Czym zatem są Pokemony? To stworki, czy jak kto woli zwierzaki o różnych kształtach oraz zdolnościach. Pokemony zarówno w anime, jak i w grze łapie się za pomocą specjalnych kulistych pojemnikaów zwanych pokeball. Samych pokemonów jest około 150, a cała zabawa polega na tym, by wyłapać je wszystkie. Można je oczywiście trenować i pojedynkować się za ich pomocą.

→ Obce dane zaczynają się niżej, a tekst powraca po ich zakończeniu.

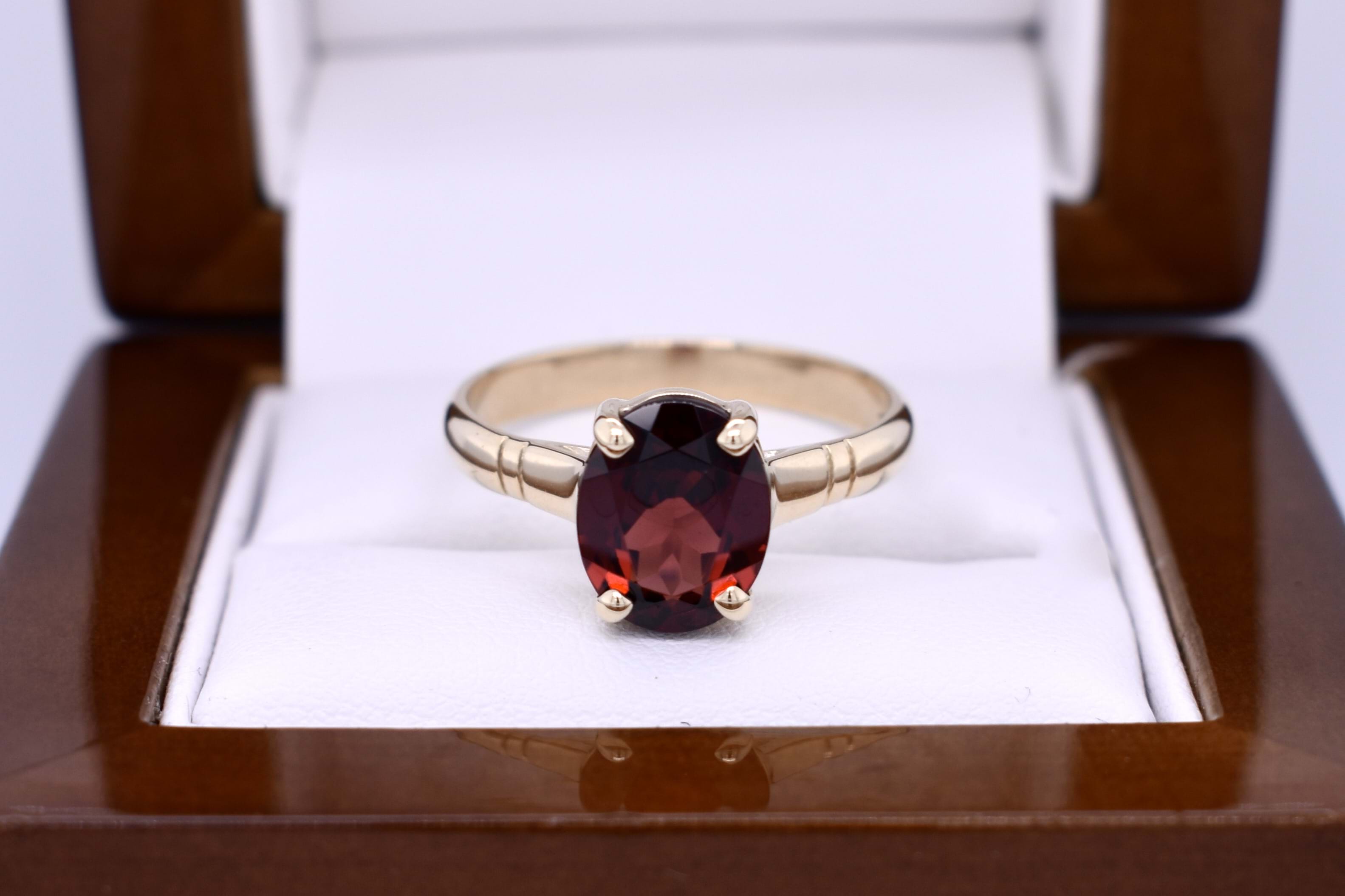 Handmade 9ct Yellow Gold Oval Garnet Ring (R+)

Gra studia Niantic, o której zrobiło się ostatnio bardzo głośno, należy do gatunku terenowych gier miejskich. Instaluje się ją na smartfon wyposażony w nawigację GPS. Na ekranie telefonu widzimy mapę miejsca, w którym się znajdujemy oraz punkty, gdzie można spotkać Pokemony. Chodząc po osiedlu, parku czy centrum miasta można natknąć się na różne Pokemony. Gra jest o tyle innowacyjna, że wymaga ruszenia się z domu i przemierzania codziennie od kilku do kilkunastu kilometrów. Takie spacery na pewno nie zaszkodzą dzieciakom oraz młodzieży.

Wszyscy gracze korzystają z tej samej mapy i polują na ten same Pokemony, co dodatkowo podnosi atrakcyjność gry, bo nie dość, że trzeba Pokemona znaleźć, to jeszcze trzeba zrobić to najszybciej ze wszystkich trenerów (poszukiwaczy). Co ciekawe niektóre stworki występują tylko regionalnie, więc są takie dostępne tylko w Europie, lub takie występujące tylko w Azji czy USA.

Są też negatywne skutki grania w Pokemon Go, jak choćby wypadki samochodowe. Niestety, jeśli się łapie Pokemony i prowadzi auto jednocześnie to nie trudno o wypadek. Jeden z graczy spadł z mostu po tym, jak przeszedł przez barierkę, by być bliżej łapanego stworka. Takie przypadki potwierdzają tylko to, że nawet podczas zabawy trzeba myśleć.
 




Konrad - administrator

1 komentarz:

  1. W zeszłym roku Pokemon Go w tym roku Fidget Spinner . Ogólnie popieram takie mody ponieważ jednak nie jest to bezsensowne wlepianie gał w komputer tylko trzeba się ruszyć, wykazać kreatywnością.